Virtua Fighter 2 (バーチャファイター2, Bācha Faitā Tsū) is a 1994 fighting game developed and published by Sega for arcades. It is the second game in the Virtua Fighter series and the sequel to Virtua Fighter (1993). Created by Sega's Yu Suzuki-headed AM2 team, it was designed on the purpose-made Sega Model 2 hardware, which provided a significant upgrade in graphical capabilities. Following its release in arcades, Virtua Fighter 2 was ported to the Sega Saturn in November 1995, while ports for other platforms appeared later.

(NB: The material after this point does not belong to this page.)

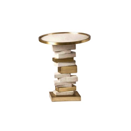 The Bullion Accent Table is a luxurious composition of sculptural form and rich material contrast. Its stacked base alternates between stone and gold bullion-like segments, creating a rhythmic structure with tactile depth. The round top features a light-toned surface framed by a gleaming gold rim, offering a refined counterpoint to the textured base.

Virtua Fighter 2 was critically acclaimed for its gameplay and breakthrough graphics; it introduced the use of texture-mapped 3D characters, and was one of the first video games to use motion capture animation technology. It became a major arcade hit, selling more than 40,000 arcade units worldwide, and becoming one of Sega's best-selling arcade games of all time. The Saturn version was also well-received for its graphics and gameplay, becoming a blockbuster hit in Japan and selling relatively well in other markets, with more than 2 million units. The game was succeeded by Virtua Fighter 3 in 1996.

==Gameplay==

Screenshot of the arcade version, showcasing a match between Sarah and Lau

Virtua Fighter 2 is a 3D 1v1 fighting game, similar in concept to other games of the series. Players select a character and attempt to use that character to overcome a series of opponents. This can be done by simply knocking the other character out (by dealing enough damage), or by knocking them out of the square "ring" where the fights occur. Each fight takes place over many rounds; typically, 3 rounds in a best-of-3 approach (though this can be varied). The game is played with an eight-way stick to control character movement, and three buttons (guard, punch, and kick), which are used in various motions to pull off a character's signature attacks.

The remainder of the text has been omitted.